The Tusks of Extinction
Ray Nayler
 
   MacMillan
   Fiction, Sci-Fi
   Themes: Altered DNA, Anthropomorphism, Artificial Intelligence, Diversity, Girl Power, Prehistoric Animals,Wilderness Tales
   ****
   
Description
Dr. Damira Khismatullina dedicated her life to studying and saving elephants - only to be murdered for her efforts. 
   One hundred years after her death, a recorded version of her consciousness is resurrected by a team of desperate 
   Russian scientists. Though wild elephants have been extinct for decades, cloning efforts have resurrected woolly 
   mammoths, part of a greater effort to restore lost megafauna-shaped habitats and mitigate climate change... but just 
   recreating genetics does not restore the habits, the experience, the many parts of an animal's "culture" that died 
   out. The new creatures may look like mammoths, but don't know how to behave like mammoths, and Damira is the only 
   mind recorded in the Russian archives who might stand a chance of teaching them - if her thoughts were uploaded into 
   the brain of a mammoth matriarch.
   Using her experience with elephants and her extensive studies, Damira shows her new herd how to survive and thrive in 
   the Siberian tundra... but when poachers inevitably arrive, and the Russian government begins selling exclusive 
   permits to hunt in the preserve as a way to recoup their massive investment in the project, will she be able to save 
   her new family from going the way of their ancestors?
Review
The relatively recent megafaunal extinction in the wake of the last Ice Age had lasting effects on habitats around 
   the world, effects we are still learning about.

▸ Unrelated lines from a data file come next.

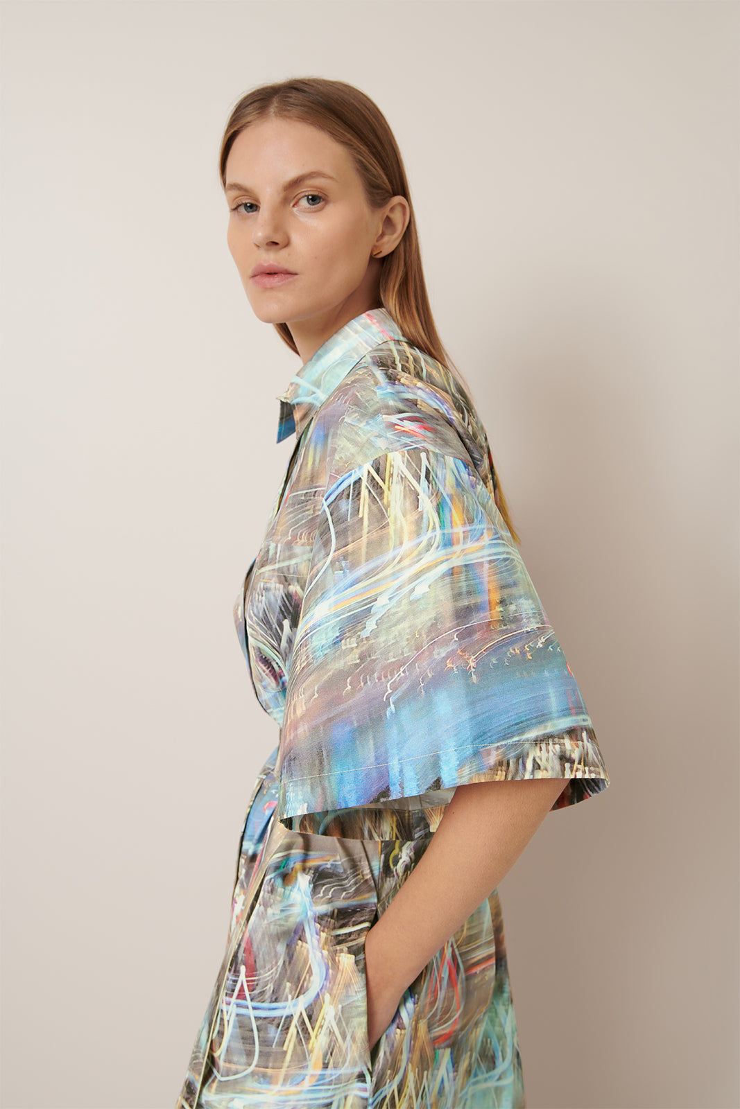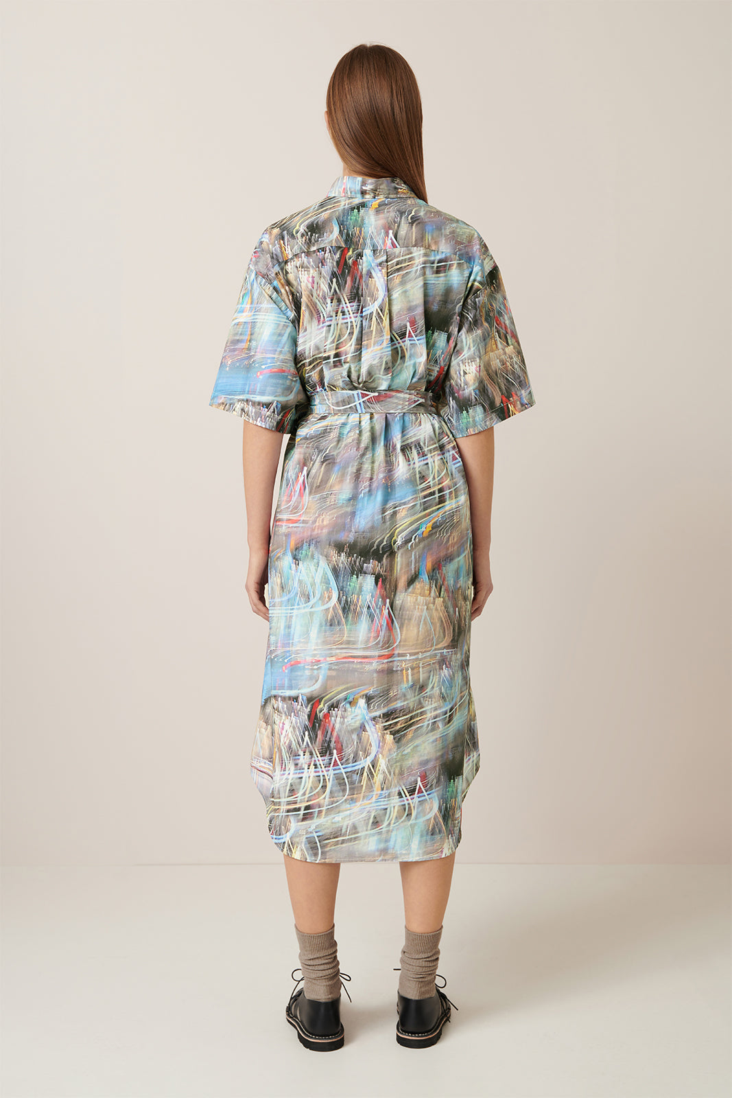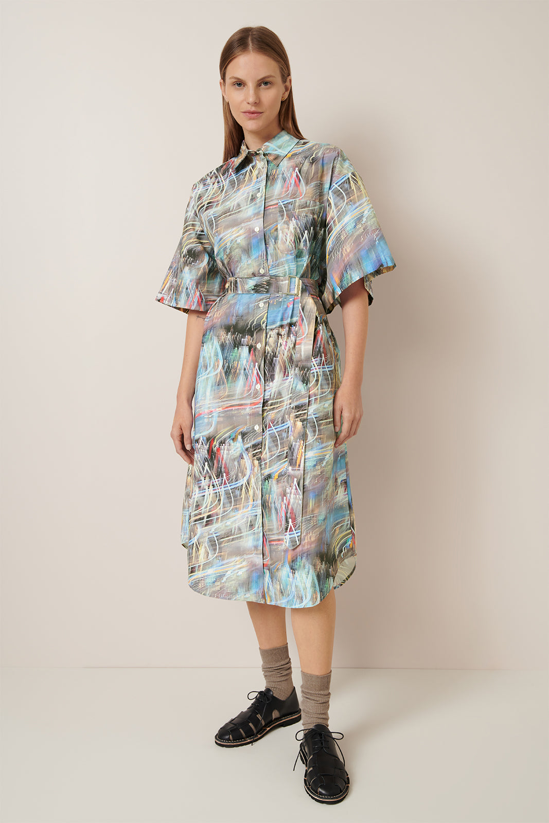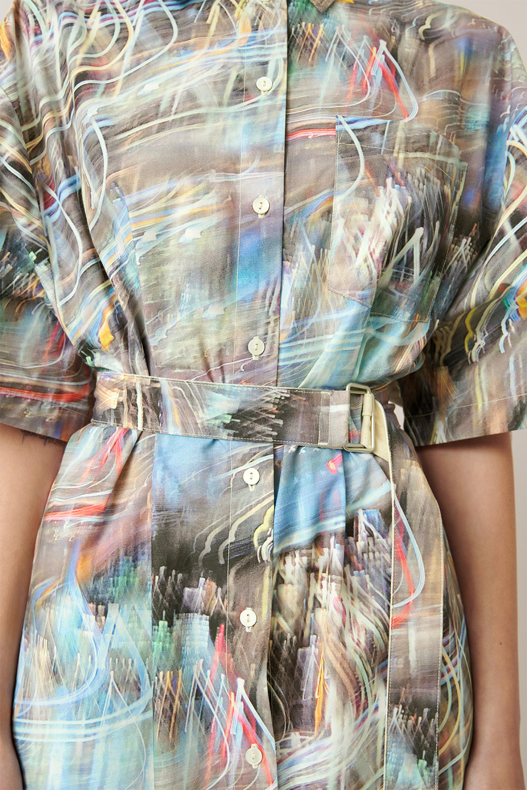 The perfect statement shirt dress, made from organic cotton poplin that is digitally printed in our Cityscape print, capturing the city's energy at night. The Neon Dress is a mid-length, oversized shirt dress which can be worn loose or cinched at the waist with the detachable belt. It features inseam pockets, standard collar and placket finished with Agoya shell buttons. The exaggerated wide sleeves and curved hem create a unique silhouette.
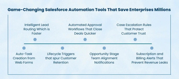 Organizations may free up staff members to concentrate on high-value, strategic tasks like lead nurturing, customer retention, and innovation by automating Salesforce procedures. Additionally, automation speeds up decision-making, decreases errors, and enhances compliance—all of which have real financial advantages.
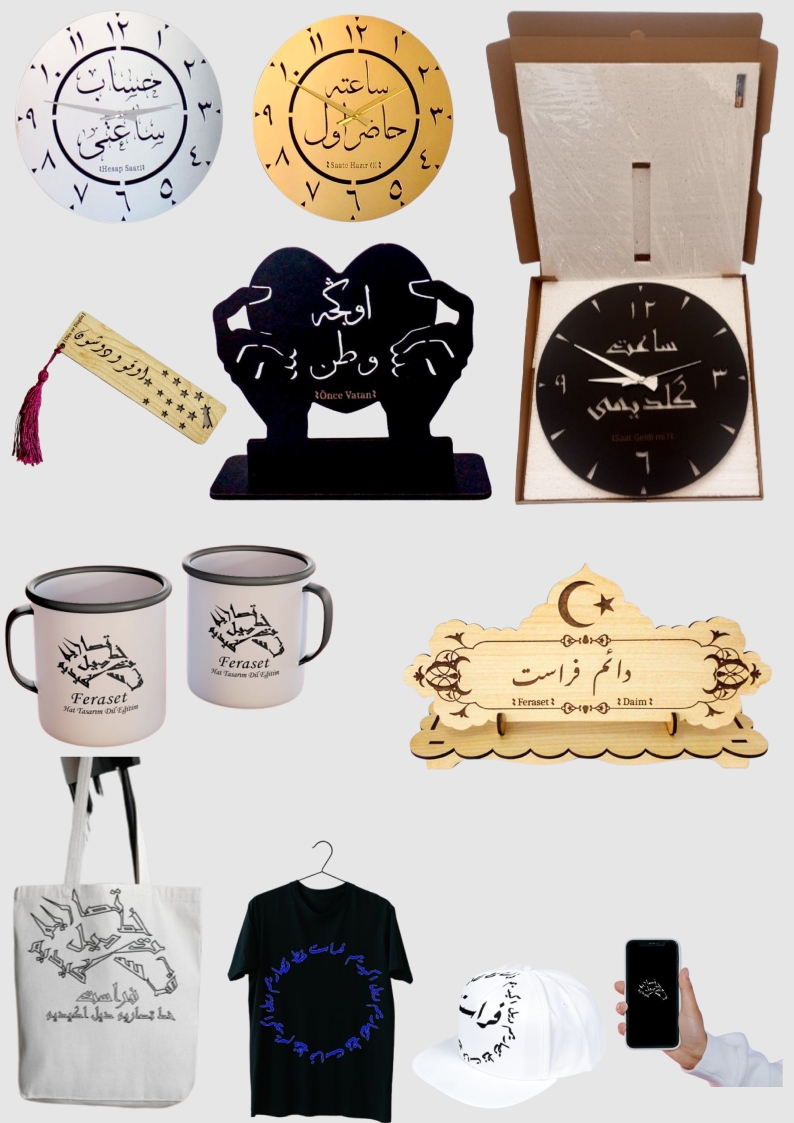 Eşyalar-Hat-Tasarım-Grafik-Osmanlıca-Osmanlı-Türkçesi-Eski-Eskimez-Yazı-Kur'an-Harfleri-kitabeler-çanta-biligisayar-cep-telefonu-şapka-tablo-marka-sembol-duvar saati-ahşap dekoratif-mdflam-masa üstü-isimlik-yazılar-kitap ayracı-ferasetEşya Tasarımı

Rewilding the Arctic with lost beasts is one proposed method of 
   mitigating climate change, and has apparently already seen some promising efforts in regions where it has been 
   attempted with extant animals like bison - but, of course, until one can resurrect some of the true giants of the 
   lost mammoth steppes, one really can't begin to get the full impact or full benefits. Woolly mammoths in particular 
   are one of the great "near misses" of history; isolated populations were still around when the Egyptian pyramids were 
   being built. This book examines the problems of species revival, not just for the species itself but for the main 
   drivers of the current "sixth extinction" sweeping the globe: humans.
   Despite coming from urban Russia, Damira has had a fascination with elephants since childhood, devoting herself to 
   elephant conservation and ultimately giving up her life trying to stop the unstoppable tide of human greed, 
   short-sightedness, and raw thirst for destruction (all enabled by humanity's seemingly infinite capacity for apathy 
   about things they cannot directly experience, the ability to rationalize away the ultimately untenable costs of 
   modern society). Given a second chance at life, she embraces her role as matriarch of the first mammoth herd to walk 
   the earth in thousands of years. Much as she learned about elephants from her life and studies, being a mammoth is 
   an entirely new and fascinating experience, her new brain allowing her to relive and re-examine memories in a way 
   her human brain could never imagine. Many years into her new role, when she finds the telltale traces of a poacher 
   kill, she is not about to stand by idly, using her new mammoth brain and old human mind to tackle the problem in a 
   most decisive way. Meanwhile, Svyatoslav, the son of a bounty hunter, joins his father on the first-ever attempt at 
   poaching mammoth ivory, showing just how people get pulled into that world, the desperation and greed and 
   self-delusion that turns them into disposable tools of the greedy, grasping elite. Much as he hates it, he cannot 
   see a way out, until an unexpected opportunity arises. A third storyline follows the married couple Vladimir and 
   Anthony, the first to buy a license to hunt a woolly mammoth. Vladimir, son of expatriate Russians, struggles to 
   feel a connection to the country he only heard about from his embittered family, even as he struggles to reconcile 
   the wealthy man he loved for many years with the dark side that emerges on the hunt. The three storylines inevitably 
   intersect, and that intersection inevitably involves violence and tragedy, while confronting thorny issues of whether 
   or not humans will ever be able to coexist with other species on this world, whether greed is an inevitable and 
   unstoppable force that will ultimately be the doom of everything.
   The story came close to losing a mark for repetition and meandering, as well as a few parts that felt forced for 
   convenience (such as a prolonged and remarkably plot-relevant conversation "overheard" via drone by one character, an 
   "as-you-know-Bob" explanation of things that almost had me rolling my eyes at how unnatural it felt to have two people 
   randomly discussing the exact things the listener needed to know about to enable the next part of their tale at the 
   exact right time). It also could not help but be depressing on some level, when the extinction of elephants (and too 
   many other species) looks all too inevitable because there's just plain too much money and power behind the forces 
   enabling butchery and destruction and not enough considering the long-term survival consequences. Beyond that, this 
   is a powerful and unique story that lingers in the memory.